GPTBot / ClaudeBot / PerplexityBot
These are the named user-agents AI companies use to crawl the web — for training data, for live retrieval, or both. Knowing them lets you allow or block access in robots.txt.
GPTBot, ClaudeBot, and PerplexityBot are named crawler user-agents operated by OpenAI, Anthropic, and Perplexity respectively. They identify themselves in the HTTP user-agent string so site owners can recognize, allow, or block them via robots.txt.

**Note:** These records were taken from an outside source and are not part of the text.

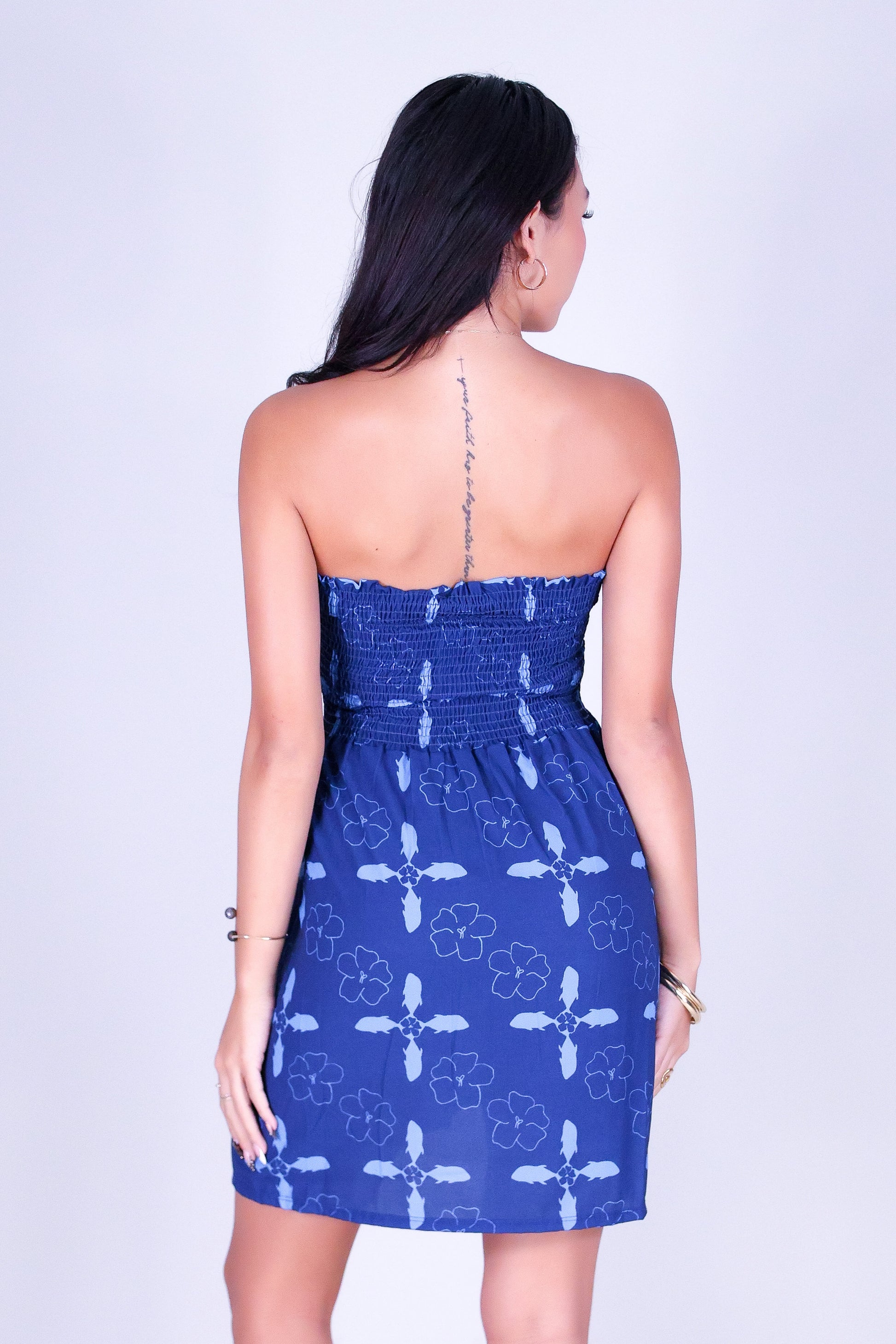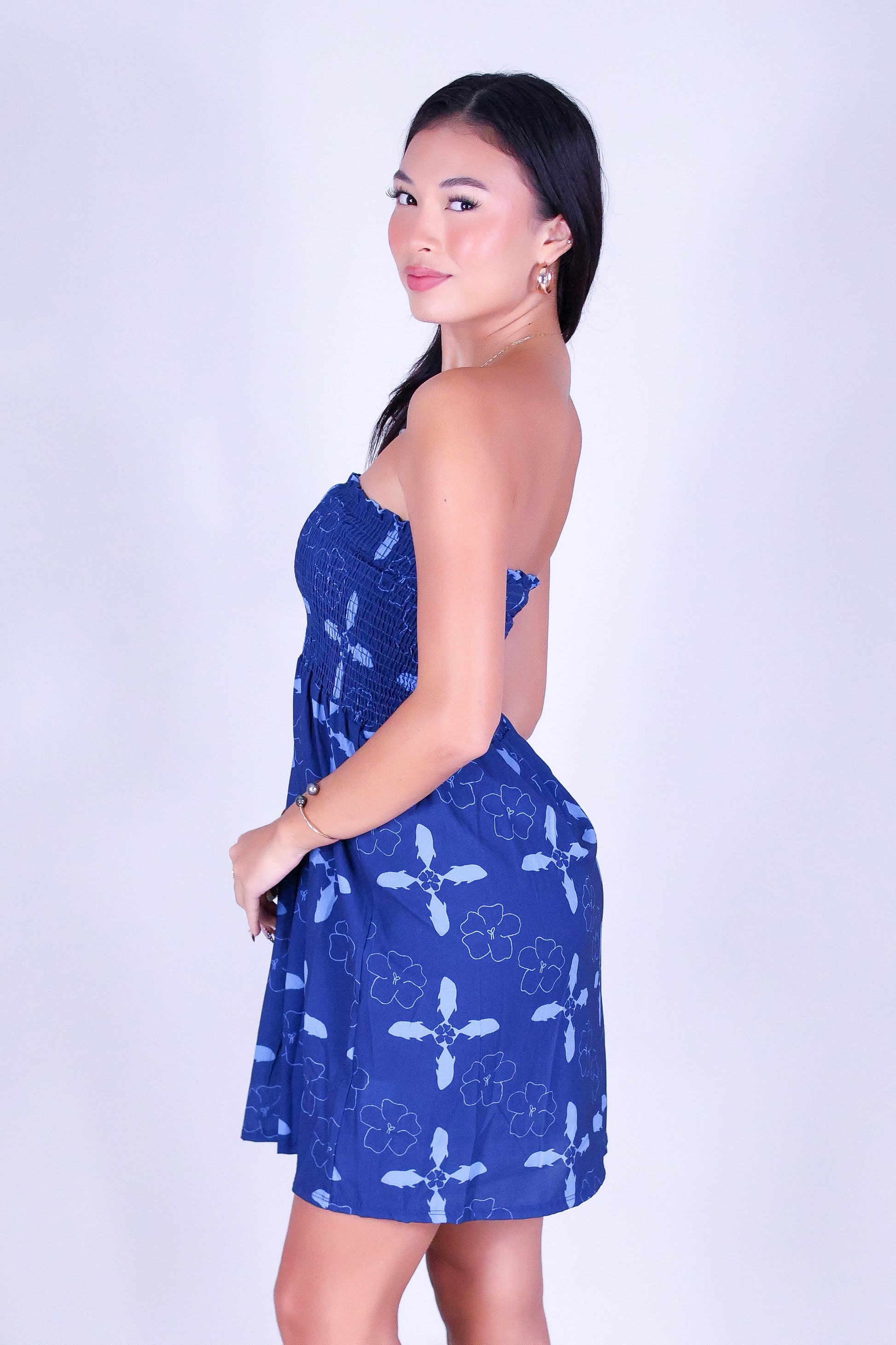ULUA QUILT SMOCKED BABYDOLL DRESS is available in color NAVY and in size SMALL, MED, LARGE.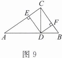 8. 如图9,已知在$\triangle ABC$中,$\angle ACB = 90^{\circ}$,$AC = 8$,$BC = 6$,$CD是AB$边上的高,$DE \perp AC$,$DF \perp BC$,垂足分别为点$E$,$F$.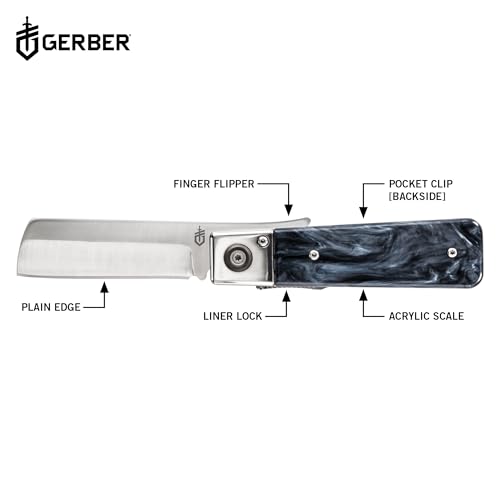 - DURABLE EDC GEAR: The Gerber Jukebox folding pocket knife features a 2.7″ satin finish fine edge blade, finger flipper, liner lock, acrylic tortoise shell scale, and pocket clip for easy carry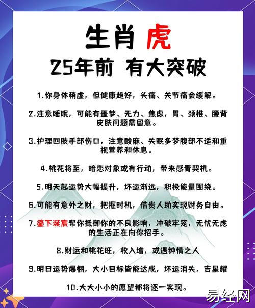 2025最新3月9日属虎运势 1998年属虎终身吉祥物是什么意思?,最新生肖运势由易经网整理发布!,2025最新3月9日属虎运势显示,这一天属虎的人将面临新的机遇与挑战。在事业上,可能会遇到一些转折点,需要果断决策。感情方面,单身者有机会遇到心仪对象,已婚者则需多沟通。健康方面,注意劳逸结合,避免过度劳累。1998年属虎终身吉祥物通常指能够带来好运和保护的物品,如玉佩、生肖摆件等,寓意平安顺遂。选择合适的吉祥物可增强个人气场,提升运势。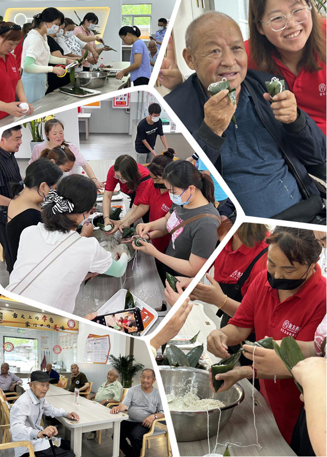 在活動現場,小伙伴們還陪著養老中心的老人們一起包粽子,過端午,話家常,詳細詢問老人的生活身體狀況,并將提前準備好的節日禮盒親手送到每一位老人的手中,整個現場歡聲笑語,其樂融融。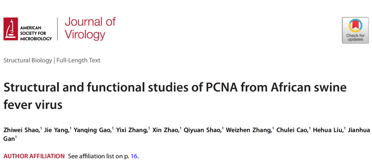 除了C962R蛋白外,ASFV的復(fù)制通路還包括了DNA聚合酶、拓?fù)洚悩?gòu)酶、dUTPase以及PCNA等蛋白。PCNA在生物體中高度保守,盡管不具有催化功能,PCNA可以通過與其他蛋白互作,提高互作蛋白的催化效率,在DNA復(fù)制、修復(fù)以及其他DNA相關(guān)的通路中發(fā)揮了重要的調(diào)控作用。AsfvPCNA與同源蛋白的序列相似性非常低,其具體的結(jié)構(gòu)和功能還沒有得到充分的驗(yàn)證。為了全面了解ASFV DNA復(fù)制的過程,甘建華課題組同樣對(duì)AsfvPCNA展開了研究,相關(guān)的結(jié)果于2023年8月3日發(fā)表在Journal of Viology雜志上,題為 “Structural and functional studies of PCNA from African swine fever virus”.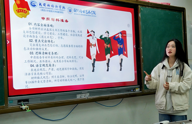 会议伊始,全体成员起立奏唱《光荣啊,中国共青团》。随后,国际传媒艺术学院组织部负责人杨舒淋同学对红旗团支部申报材料的注意事项进行了详细讲解。学院团委副书记杨柠霞提到,申报五四红旗团支部是团支部建设的重要目标之一,也是激励团支部积极进取的重要方式,制作申报材料需做到内容真实准确、突出特色亮点、材料规范完整、注重总结反思等四个方面。会议还规划部署了新学期政治理论学习任务清单与主题团日活动等内容。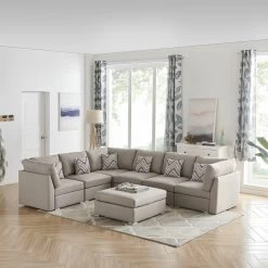 Amira Beige Linen Fabric Sectional Sofa With Ottoman And Pillows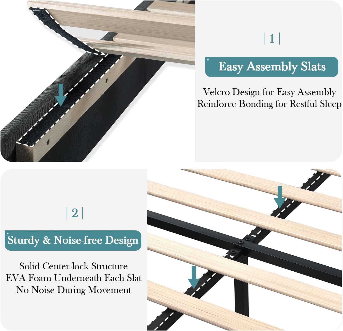 • Box Spring Not Required: Reliable wooden slats are designed to support and extend the life of your latex, memory foam, or spring mattress. Mattress thickness recommend being 8"-12"( box spring is optional)

Some fetch pages to build or refine training data; others fetch pages live to ground answers at query time. Controlling them is how you decide whether an AI engine can read — and potentially cite — your content.
What do these bots do?
Each is an automated crawler from a major AI company. GPTBot is OpenAI’s crawler; ClaudeBot is Anthropic’s; PerplexityBot is Perplexity’s. They request pages, read the content, and feed it into either model training or live answer retrieval, depending on the bot and its purpose.
How are these different from Googlebot?
Googlebot crawls primarily for the traditional search index. These AI bots crawl for AI training or AI answer retrieval. They are distinct user-agents, so a rule that allows Googlebot does not automatically allow GPTBot, ClaudeBot, or PerplexityBot — you control each one separately.
Example
To let Perplexity read your docs but block OpenAI’s training crawler, you would add an Allow rule for PerplexityBot and a Disallow rule for GPTBot in robots.txt. The named user-agents are what make that granular control possible.